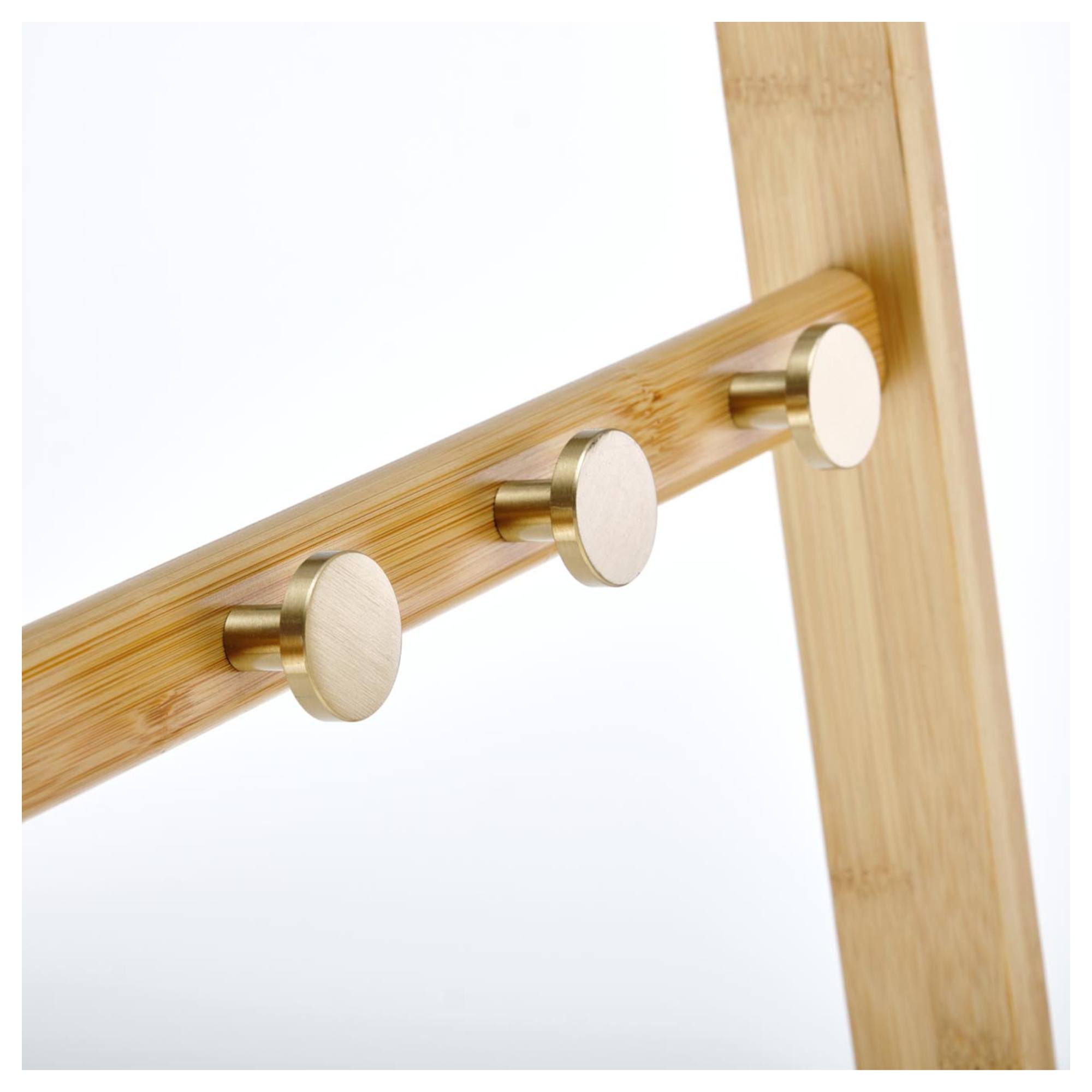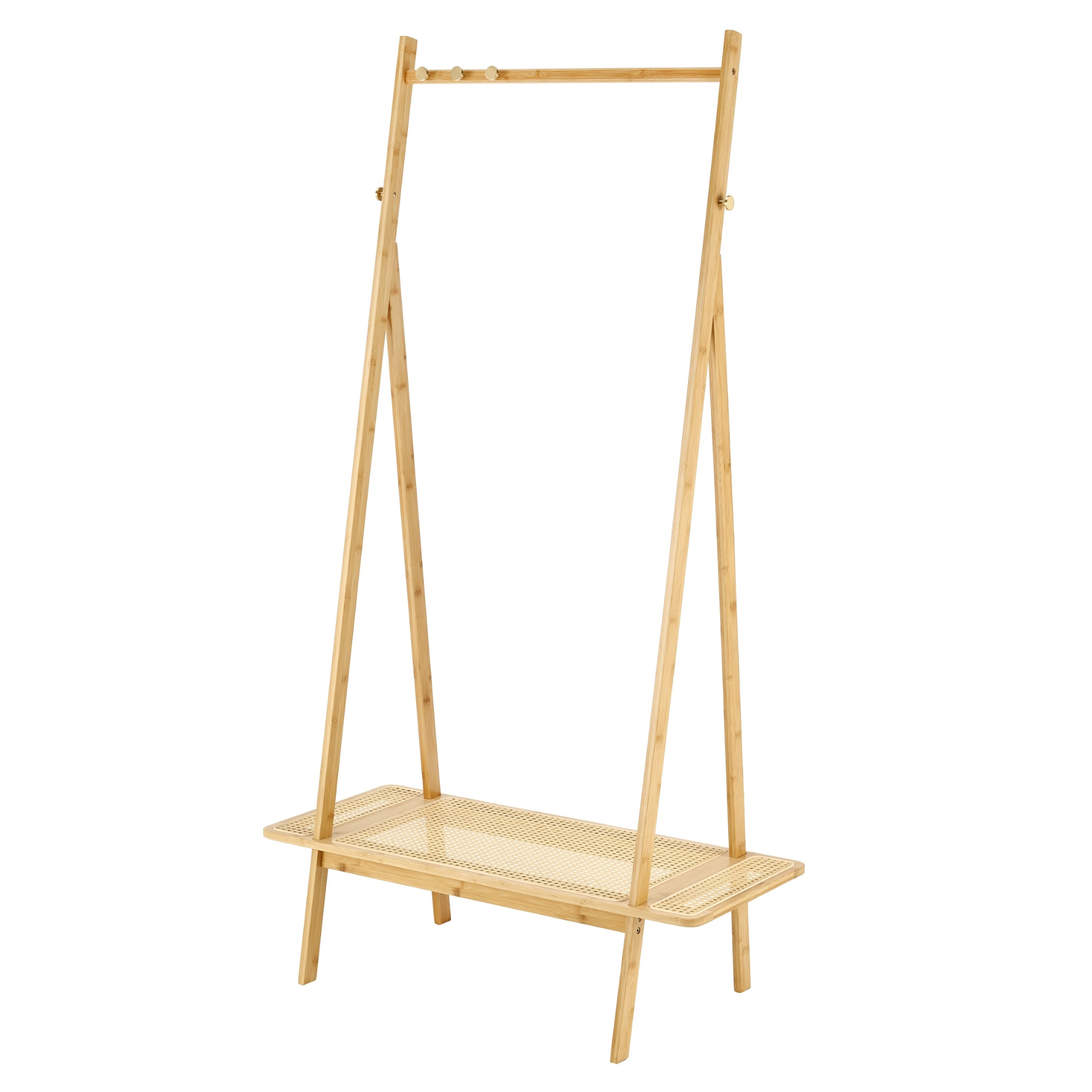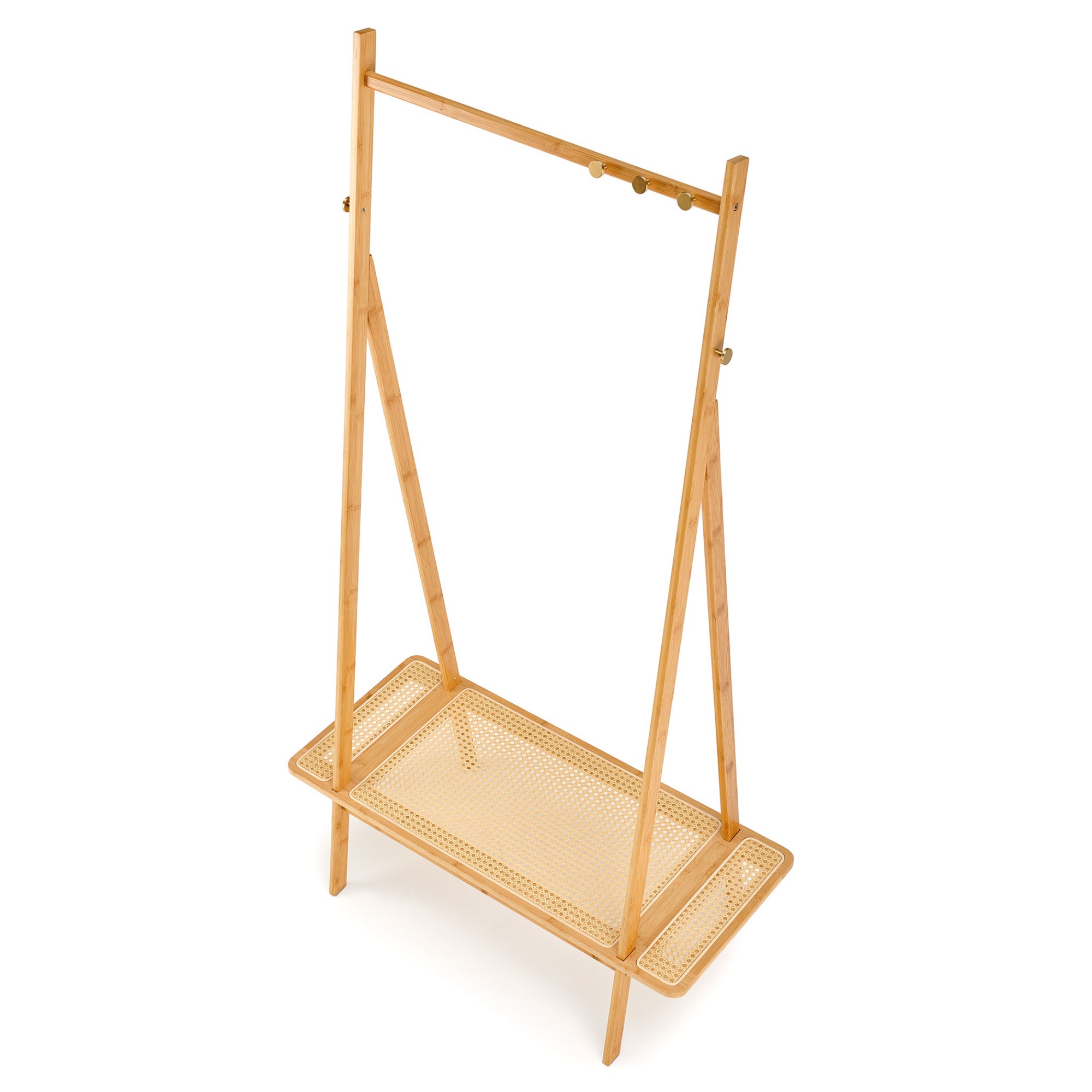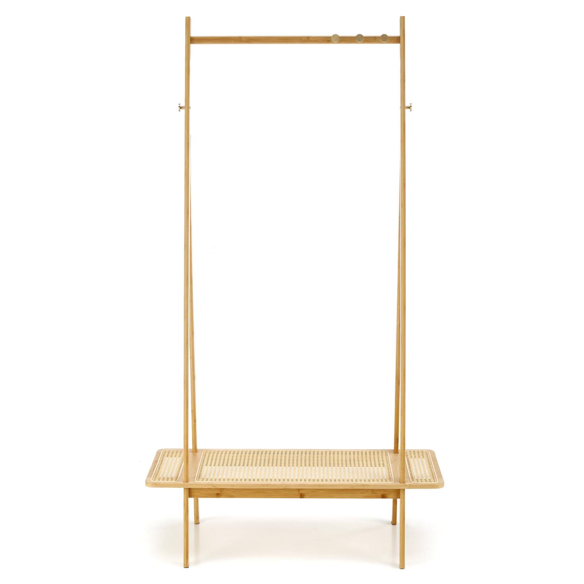 Konštrukcia vyrobená z bambusu je vďaka použitému materiálu veľmi odolná a nenáročná na údržbu. Stojan ponúka jednoducho riešené vybavenie v podobe priestrannej šatníkovej tyče a 3 odkladacích háčikov v hornej časti. Priestor nižšie je vybavený praktickou policou, ktorá je vyrobená zo vzdušného ratanu.
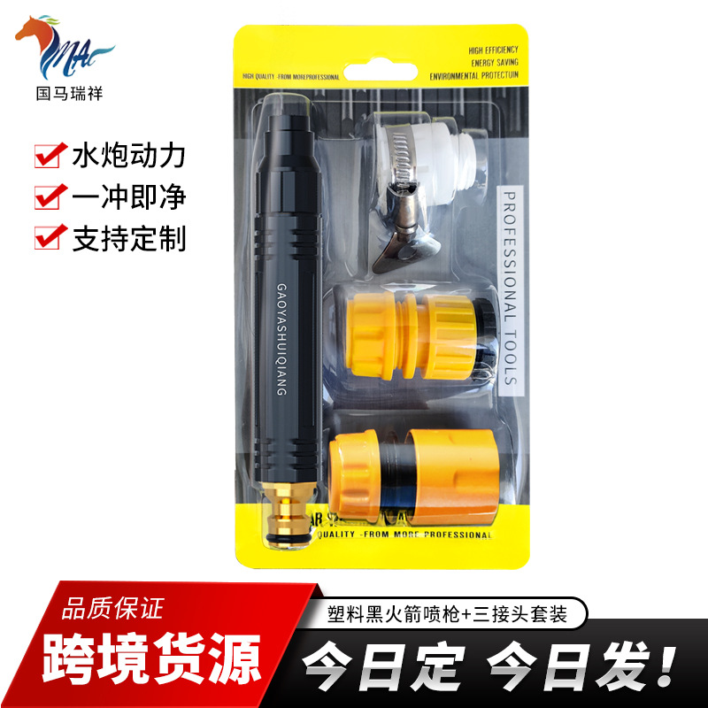 Produk Meledak Lintas Batas Grosir Cuci Mobil Tekanan Tinggi Pistol Air Rumah Tangga Hitam Konektor Air Konektor Universal Casing Busa Set
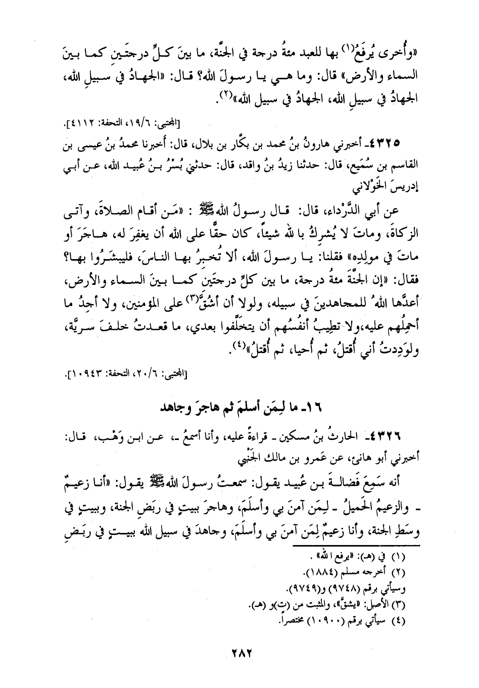4325 - أَخْبَرَنِي هَارُونُ بْنُ مُحَمَّدِ بْنِ بَكَّارِ بْنِ بِلَالٍ قَالَ: أَخْبَرَنَا مُحَمَّدُ بْنُ عِيسَى بْنِ الْقَاسِمِ بْنِ سَمِيعٍ قَالَ: حَدَّثَنَا زَيْدِ بْنُ وَاقِدٍ قَالَ: حَدَّثَنِي بُسْرُ بْنُ عُبَيْدِ اللهِ، عَنْ أَبِي إِدْرِيسَ الْخَوْلَانِيِّ، عَنْ أَبِي الدَّرْدَاءِ قَالَ: قَالَ رَسُولُ اللهِ صَلَّى اللهُ عَلَيْهِ وَسَلَّمَ: «§مَنْ أَقَامَ الصَّلَاةَ وَآتَى الزَّكَاةَ وَمَاتَ لَا يُشْرِكُ بِاللهِ شَيْئًا كَانَ حَقًّا عَلَى اللهِ أَنْ يَغْفِرَ لَهُ هَاجَرَ أَوْ مَاتَ فِي مَوْلِدِهِ» فَقُلْنَا يَا رَسُولَ اللهِ: أَلَا تُخْبِرُ بِهَا النَّاسَ فَلْيُبَشَّرُوا بِهَا؟ فَقَالَ: «إِنَّ الْجَنَّةَ مِائَةُ دَرَجَةٍ مَا بَيْنَ كُلِّ دَرَجَتَيْنِ كَمَا بَيْنَ السَّمَاءِ وَالْأَرْضِ أَعَدَّهَا لِلْمُجَاهِدِينَ فِي سَبِيلِهِ، وَلَوْلَا أَنْ أَشُقَّ عَلَى الْمُؤْمِنِينَ، وَلَا أَجِدُ مَا أَحْمِلُهُمْ عَلَيْهِ، وَلَا تَطِيبُ أَنْفُسُهُمْ أَنْ يَتَخَلَّفُوا بَعْدِي مَا قَعَدْتُ خَلْفَ سَرِيَّةٍ، وَلَوَدِدْتُ أَنِّي أُقْتَلُ ثُمَّ أُحْيَا ثُمَّ أُقْتَلُ»
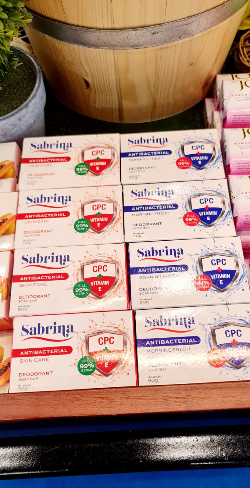 SABRINA Antibacterial Soaps is a 90gr soaps with 2 varients : Skin Care  and Morning Fresh. Each soap contain CPC and Vitamin E. It is a deodorant soap bar . For personal Hygiene, each soap bar is wrapped individually with transparent plastic and packed into innerbox.  Loadibility 1930 cartons and 1 carton : 72 pieces.
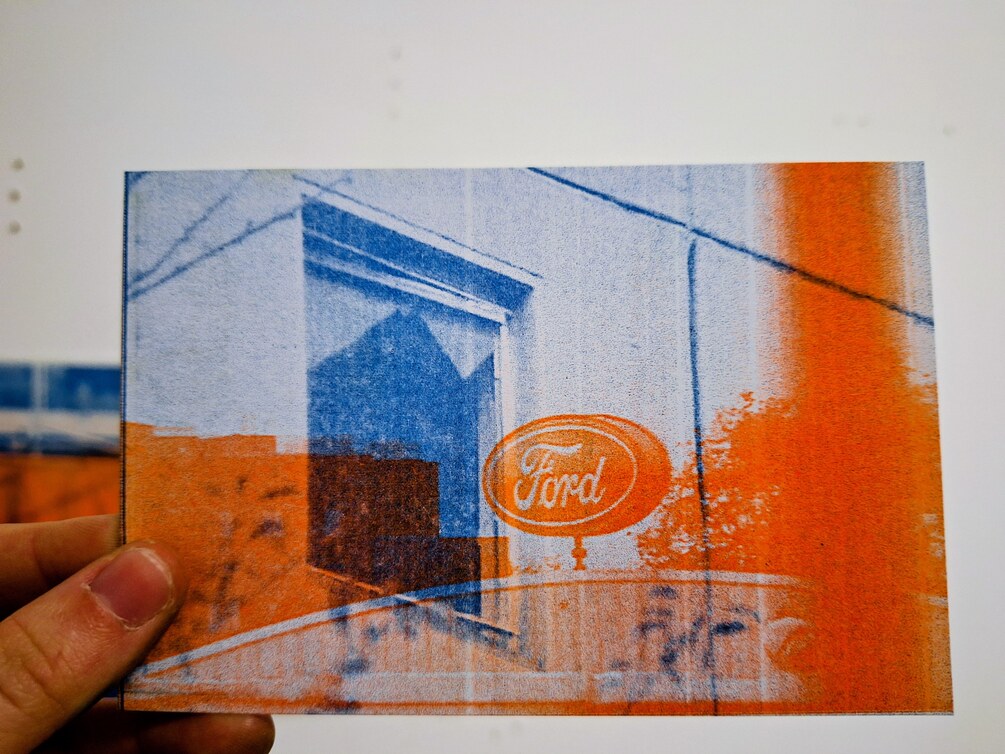 Set of 6 2-colour risograph postcards of double-exposure shots from the A13, London-Essex. These images come from my expanded cinema work ROAD MOVIE, using performance photography and video to formulate a queer phenomenology of the roadside.
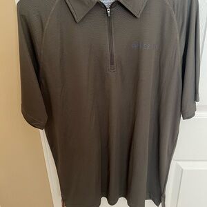 Experience the perfect blend of style and comfort with the FootJoy Pink Polo Shirt. This vibrant polo features subtle horizontal stripes, offering a sporty yet casual look. Ideal for any occasion, it is crafted from lightweight fabric for all-day wear. Also a dark green beretta zip up shirt. 2 shirt for 1 price

> **Exercise**
Everything from the first line of the entries through the line that contains "Produk Meledak Lintas" is to be reproduced exactly, except the pictures.

> **Output**
 Konštrukcia vyrobená z bambusu je vďaka použitému materiálu veľmi odolná a nenáročná na údržbu. Stojan ponúka jednoducho riešené vybavenie v podobe priestrannej šatníkovej tyče a 3 odkladacích háčikov v hornej časti. Priestor nižšie je vybavený praktickou policou, ktorá je vyrobená zo vzdušného ratanu.
 Produk Meledak Lintas Batas Grosir Cuci Mobil Tekanan Tinggi Pistol Air Rumah Tangga Hitam Konektor Air Konektor Universal Casing Busa Set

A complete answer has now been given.